Opinion
2013-08-14
Michael G. Paul, New City, N.Y., for appellant. William V. Grady, District Attorney, Poughkeepsie, N.Y. (Joan H. McCarthy of counsel), for respondent.
Michael G. Paul, New City, N.Y., for appellant. William V. Grady, District Attorney, Poughkeepsie, N.Y. (Joan H. McCarthy of counsel), for respondent.
Appeal by the defendant from a judgment of the County Court, Dutchess County (Forman, J.), rendered April 3, 2012, convicting him of operating a motor vehicle while under the influence of alcohol as a felony, in violation of Vehicle and Traffic Law §§ 1192(3) and 1193(1)(c)(ii), upon his plea of guilty, and imposing sentence.

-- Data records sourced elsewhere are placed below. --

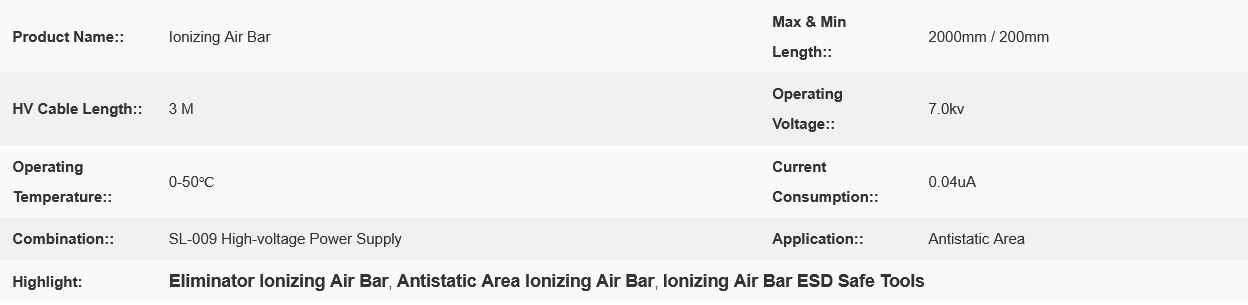 Discharge Eliminator Ionizing Air Bar For Antistatic Area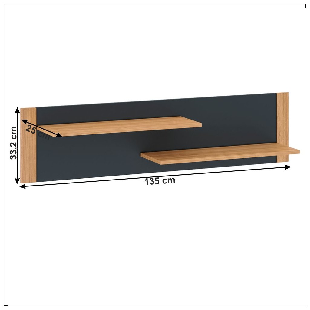 Polica FIDEL v kombinácii dub craft zlatý a grafitová sivá ponúka moderný dizajn a praktické využitie. Rozmery 135x25x33,2 cm a hrúbka 16 mm. Dodávané v demonte.
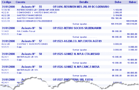 Un asiento esta formado por dos tipos de registros; los asientos propiamente dichos y los apuntes, también llamados (pases)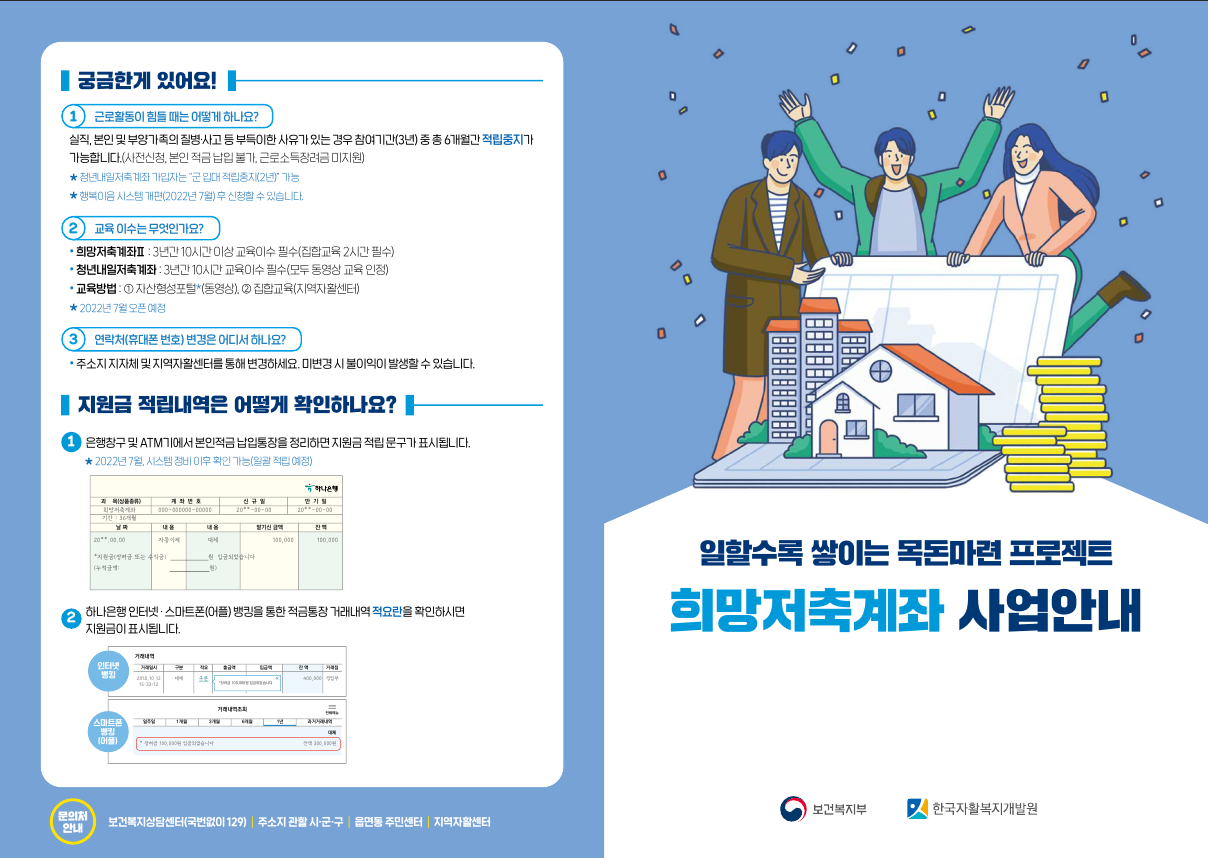 희망저축계좌 신청은 오는 19일까지(희망저축계좌Ⅰ은 20일까지)며, 접수기간 내에 주소지 관할 행정복지센터를 방문해 접수하면 된다.

ORDERED that the judgment is affirmed.
The defendant's contention that his plea was not knowingly, voluntarily, and intelligently entered because he was not properly advised that a fine would be imposed is without merit. The record reveals that the defendant was properly informed of the direct consequences of his plea, and that the plea was knowingly, voluntarily, and intelligently entered ( see People v. Harris, 61 N.Y.2d 9, 17, 471 N.Y.S.2d 61, 459 N.E.2d 170;People v. Johnson, 97 A.D.3d 695, 696, 948 N.Y.S.2d 120;People v. Blunt, 93 A.D.3d 675, 677, 939 N.Y.S.2d 563).
The sentence imposed was not excessive ( see People v. Suitte, 90 A.D.2d 80, 455 N.Y.S.2d 675).
The defendant's remaining contention is without merit ( see People v. Johnson, 97 A.D.3d at 696, 948 N.Y.S.2d 120).